Tom Gallagher, Foreign Service officer who quit to live as openly gay, dies at 77
In July 1975, the U.S. Civil Service Commission reversed long-standing policies that effectively prohibited gays from working in government. There had been no explicit ban, but reportedly hundreds of men and women over the decades had seen their careers ruined on the grounds of immoral conduct at the first hint of their sexual identities being exposed.
Gay activists hailed as a victory the commissions ruling, which followed a federal-court decision, but it did not cover such agencies as the Secret Service, the FBI or the Foreign Service, which are administered separately. Gays in those bureaus were believed to be more susceptible to blackmail security risks given the sensitivity of their jobs, especially in an era when psychiatrists had only just declassified homosexuality as a mental disorder.
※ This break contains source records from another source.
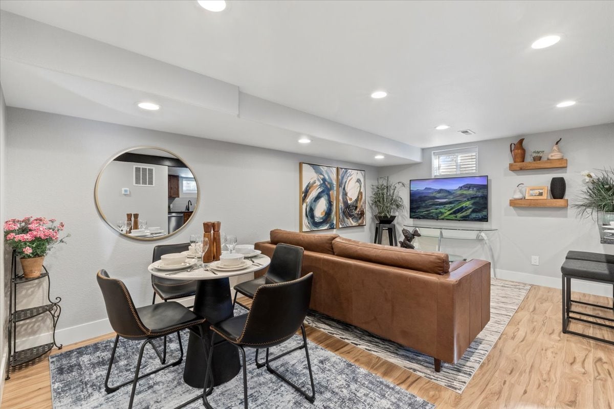 • Nagy, PRIVÁT alsó szintű lakás duplex házban – ideális családoknak, pároknak és baráti társaságoknak • Két márványcsempés fürdőszoba dupla mosdóval, fürdőkággyal és két zuhanyzóval • 10-15 percre a belvárostól! Közel a fő autópályához (I-25) • Felszerelt teakonyha • 2 nagy TV ingyenes hozzáféréssel a Netflixhez, HBO-hoz, Huluhoz, Apple TV+-hoz stb. • Saját bejárat kulcs nélküli belépéssel • Nagy hátsó udvar és terasz gáztűzhellyel és grillel. • A dohányzás megengedett a szabadban / 420-barát • A tulajdonosok az emeleten laknak egy külön lakásban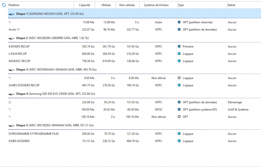 Bonjour, ce que je ne comprends pas ,c'est que quand je fait une instal de Windows ,je déconnecte les autres disques.A moins que lors de mise a jour majeure ça ne change mes partitions de places, mais ça me parait assez impossible.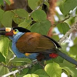 银胸丝冠鸟是雀形目阔嘴鸟科的鸟类,在全世界共分化为10个亚种。体长16-18厘米。嘴宽阔、天蓝色,…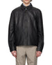 This jacket is a sophisticated outerwear staple; the back is made of three pieces of leather in a rich brown or black. The design features a sleek, minimalist silhouette with a standard collar and a secure front zip fastening. The hem has custom buttons for adjustable tightness.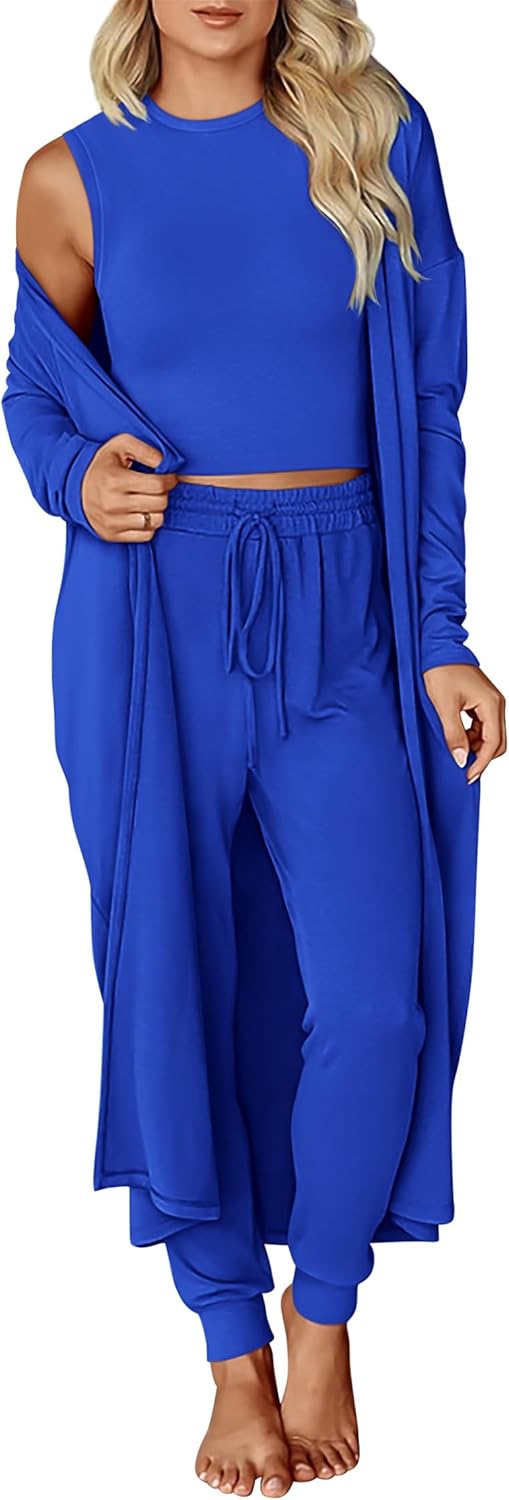 KIRUNDO 3 Piece Lounge Sets for Women Airport Travel Vacation Outfits Spring Cardigan Matching Sleeveless Top Jogger Pants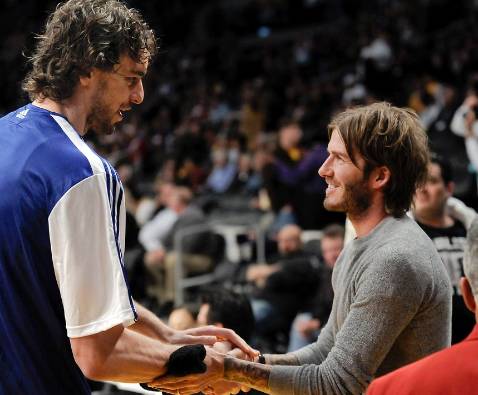 A David Beckham —el futbolista de las mil caras, y no hay más que ver su nuevo lookpara ratificarlo— se le ha visto a menudo en el Stapples Center de Los Ángeles, solo o en compañía (de su familia) animando al equipo de la NBA Los Angeles Lakers, donde milita el español Pau Gasol. El ex jugador del Real Madrid es un confeso aficionado al baloncesto, y durante su estancia en la capital angelina ha aprovechado cualquier ocasión para animar a los jugadores de Los Lakers. Una costumbre que habrá de interrumpirse si se confirman las noticias que le vinculan al equipo inglés del Tottenham, donde podría jugar cedido durante los próximos meses. Pero antes de empezar esta nueva etapa en el fútbol británico, su origen, Beckham se acercó a saludar de nuevo a su amigo Pau Gasol, a quien vio vencer una vez más.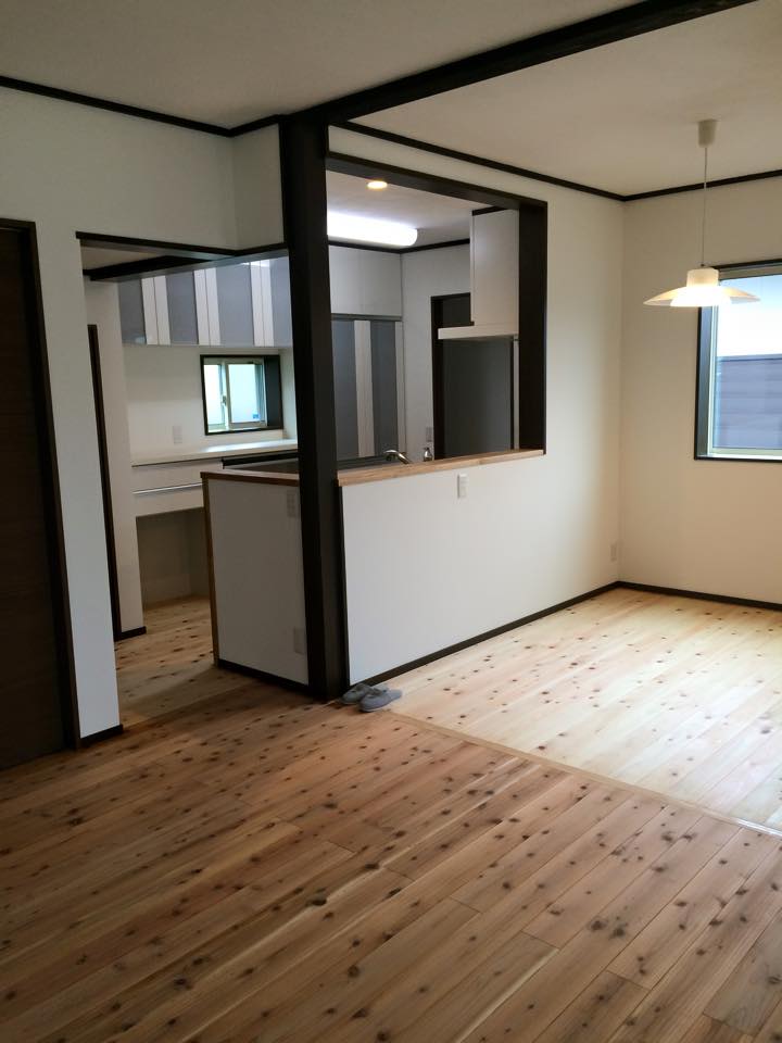 杉とヒノキのフローリング貼りわけ。天井に珪藻土を多用しました。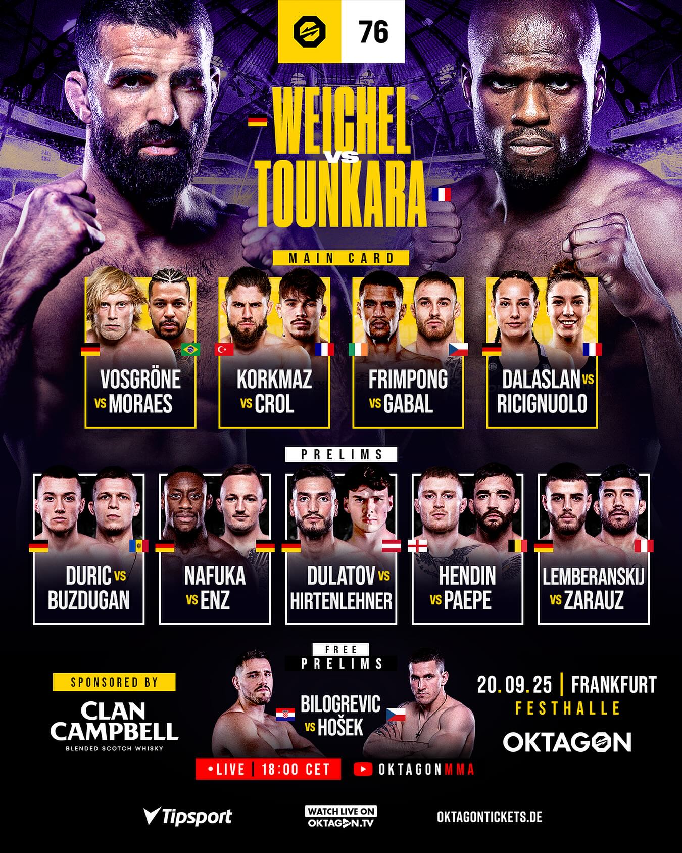 Frankfurt legend Weichel (57 fights, ex-Bellator champ) fights at home again! Opponent Tounkara is a KO artist with 3 wins in last 4 and wants to silence the German crowd.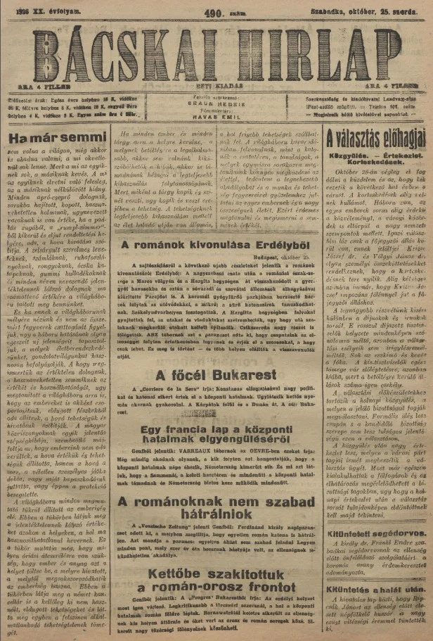 Bácskai Hirlap, 20. évf. 1916. október 25. 490. sz.
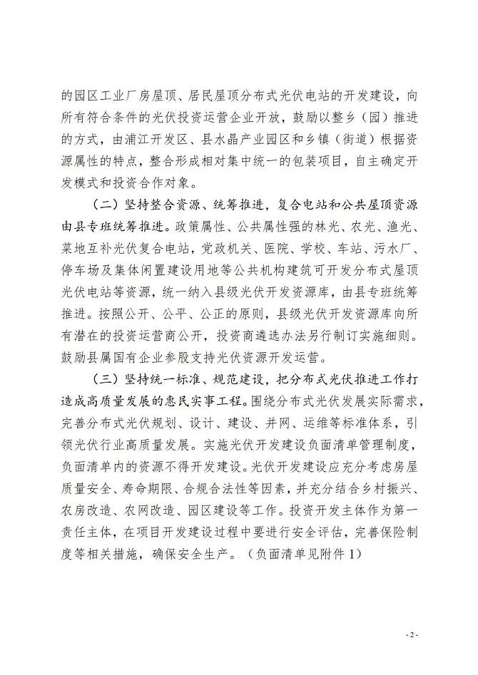 还删去了“建议选择由浦江开发区下属国有公司投资或合资企业优先承建,其他区域鼓励选择浙江省推荐参与整县推进光伏投资建设企业以及企业名单”,改为“自主确定开发模式和投资合作对象”。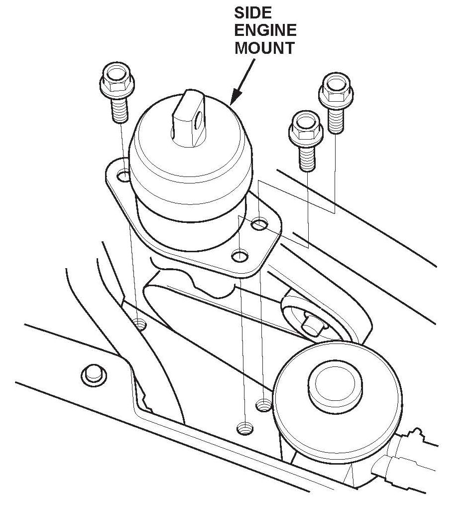 4. Reinstall the new side engine mount and tighten the bolts to 54 N.m (40 lb-ft).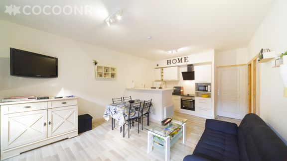- Une pièce de vie de 22 m² avec TV, canapé-lit, espace repas

Three months after the commissions ruling, amid his increasingly difficult struggle with being forced to muffle his sexuality, 35-year-old Foreign Service officer Tom Gallagher attended a Washington gathering of the Gay Activist Alliance. He served on a panel titled Gays as Federal Employees and that included Franklin E. Kameny, a gay Army Map Service astronomer who had been fired in 1957 and subsequently spearheaded the Washington-area gay rights movement.
The panel proved to be what Mr. Gallagher, who died July 8 at 77, called his coming out party.